Ce n’est pas chose nouvelle que de reprendre Hérodote, et le bonhomme a été si mal traité autrefois, qu’en faveur de la justice tardive qu’on lui rend aujourd’hui, il pardonnera sans doute à M. Grote quelque réserve à se servir des admirables matériaux qu’il nous a laissés. Contredire Thucydide est une hardiesse bien plus grande, et l’idée seule a de quoi faire trembler tous les érudits. J’ai cité tout à l’heure une erreur, volontaire ou non, d’Hérodote ; en voici une de Thucydide beaucoup plus grave, et qui n’a point échappé au sévère contrôle de M. Grote. Sa critique est-elle juste ? On peut le croire : pour convaincre Thucydide, M. Grote n’emploiera d’autres preuves que celles que lui fournira Thucydide lui-même.

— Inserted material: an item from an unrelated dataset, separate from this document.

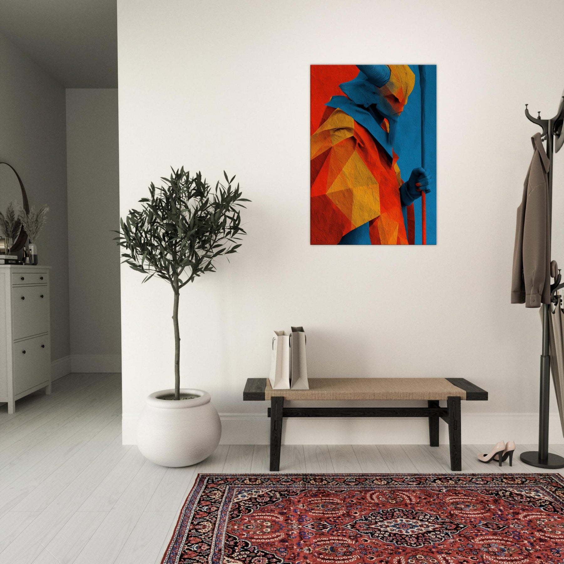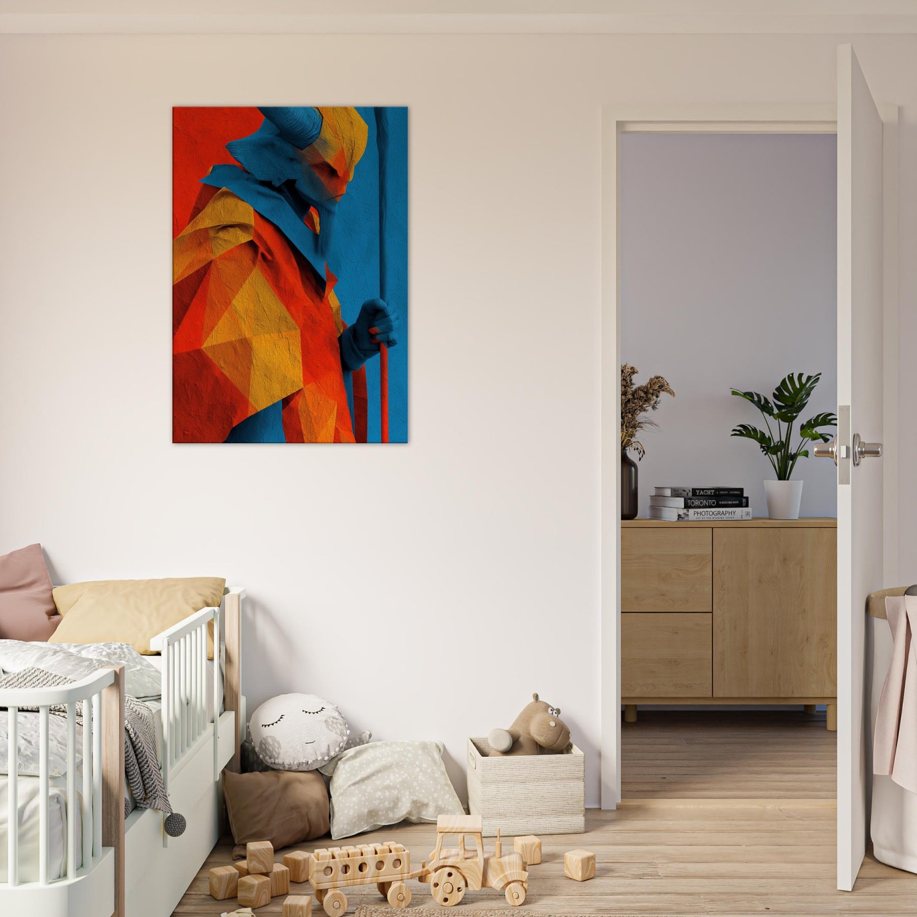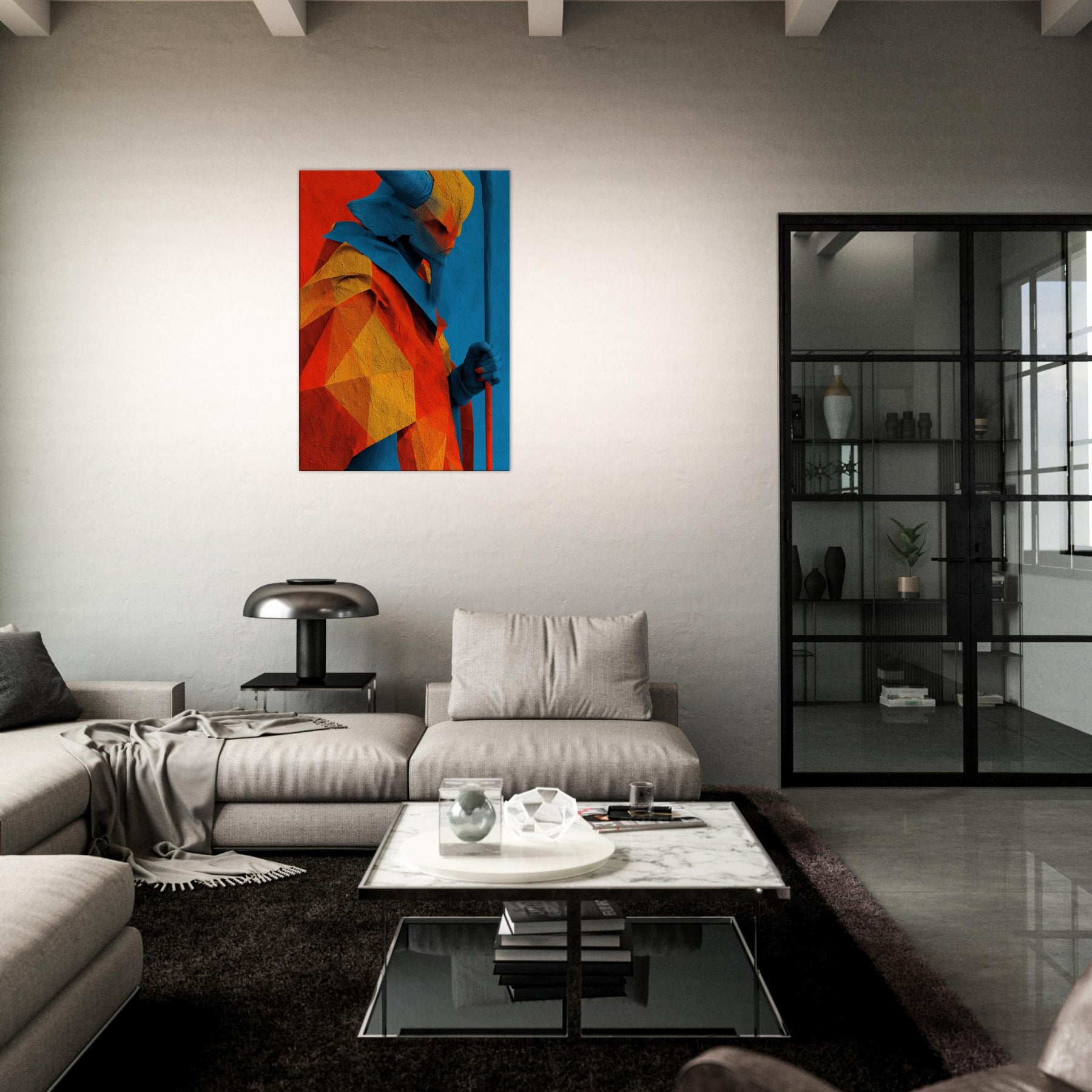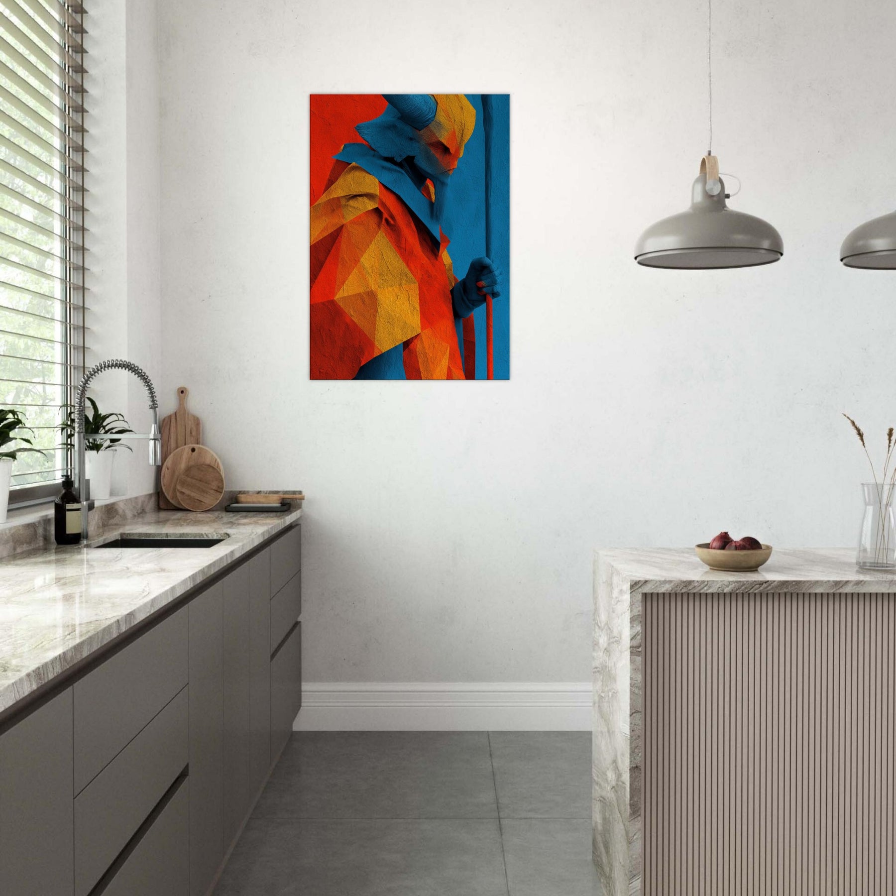 An abstract odyssey in color, Ra emerges as a radiant oracle against a field of heat and sky. The layered geometry and electric azure channel sunlight into your room, turning walls into a quiet temple. The sculpture like folds invite touch (though 2D), the warmth of orange and gold balances cool blues, creating a paradox of crossing horizons. Hang it in a living room or study to evoke mythic energy, daily ritual, and timeless wonder.
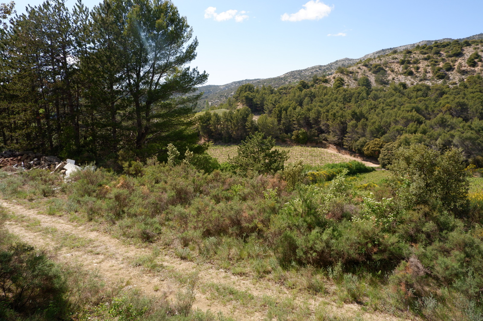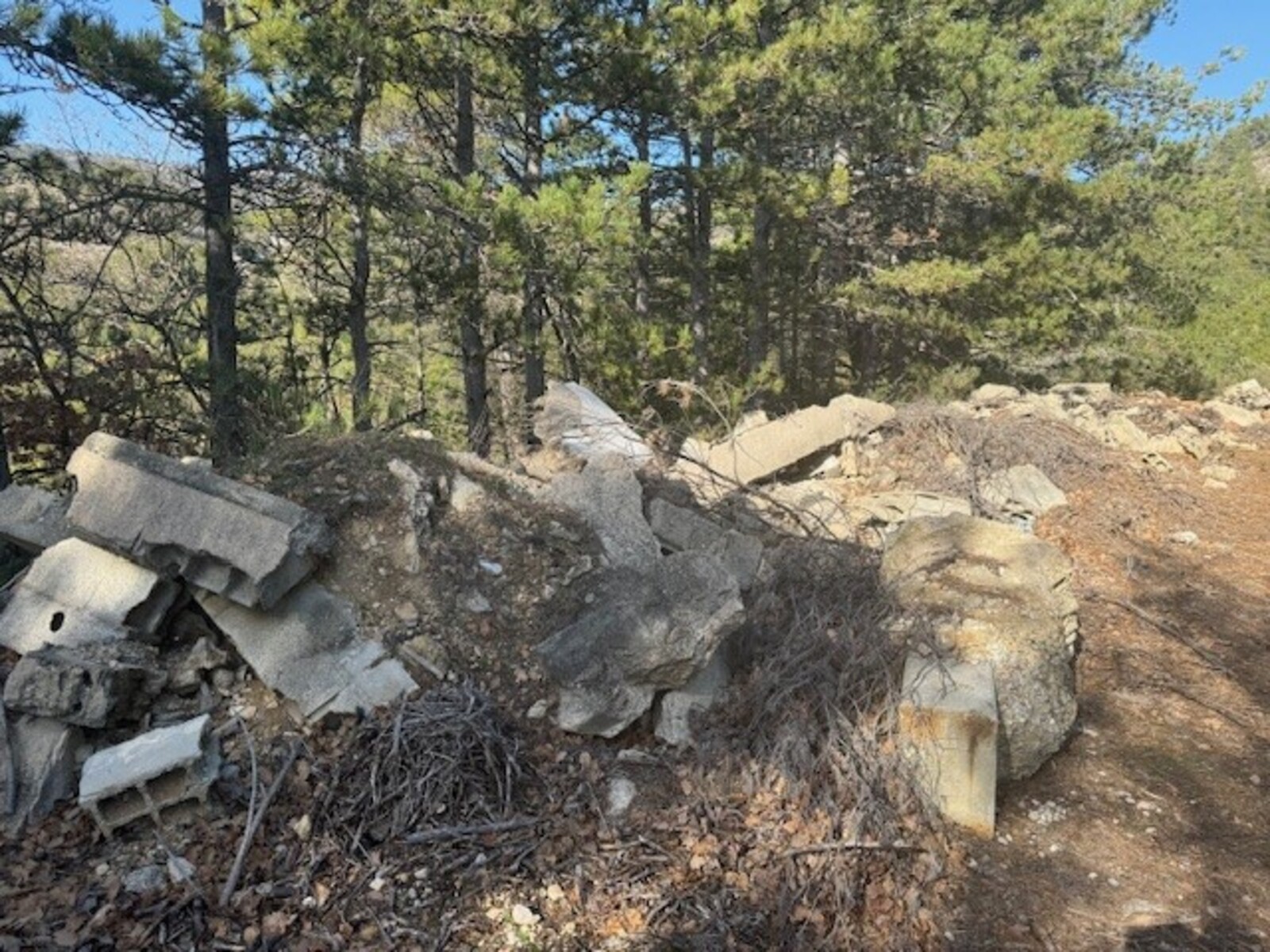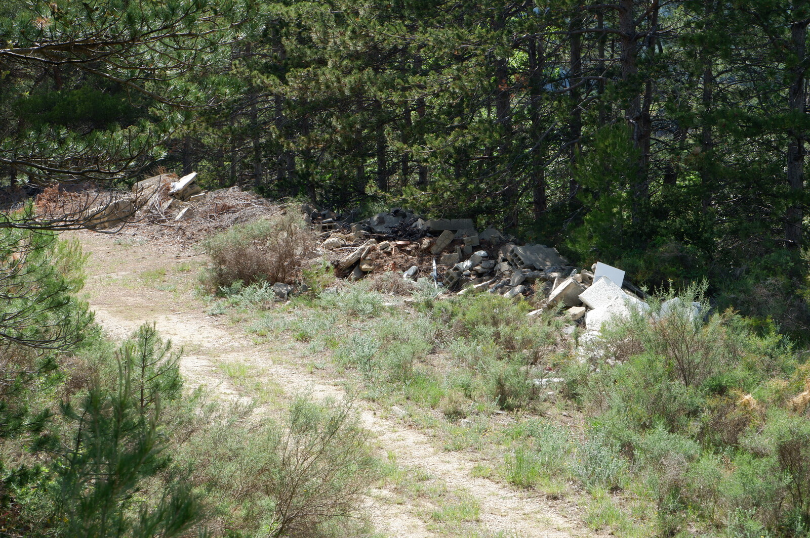 Dépôt de gravats dans une zone boisée à proximité de terres viticoles.

Il s’agit du jugement célèbre qu’il porte contre Cléon. C’est à Cléon, pour le dire en passant, que nous devons « l’histoire de la guerre du Peloponnèse, » car il fit bannir Thucydide, qui, voyant se fermer pour lui la carrière politique, écrivit l’histoire de son temps. La postérité, loin d’en savoir gré à Cléon, a toujours fait de son nom un synonyme de la bassesse acharnée contre le talent. Et, comme si ce n’était pas assez de la plume de fer de l’historien, Aristophane, avec ses railleries acérées, est venu donner le coup de grace an malencontreux corroyeur. La Guerre du Peloponnèse et les Chevaliers, n’en est-ce point assez pour enterrer un homme dans la fange ? Aussi tout helléniste tient Cléon pour un tribun factieux et pour un concussionnaire. Suivant M. Grote, Cléon n’est point encore jugé, et cette opinion si nouvelle mérite qu’on l’examine de près. Rappelons-nous que M. Grote n’est point un partisan à outrance de la démocratie, et qu’il fuit le paradoxe. Ce n’est pas parce que Cléon fut un corroyeur, ce n’est pas parce qu’il fut l’idole de la lie du peuple que M. Grote prend sa défense ; le seul sentiment de la justice l’anime, et c’est pour avoir lui avec attention les pièces du procès qu’il en demande la révision.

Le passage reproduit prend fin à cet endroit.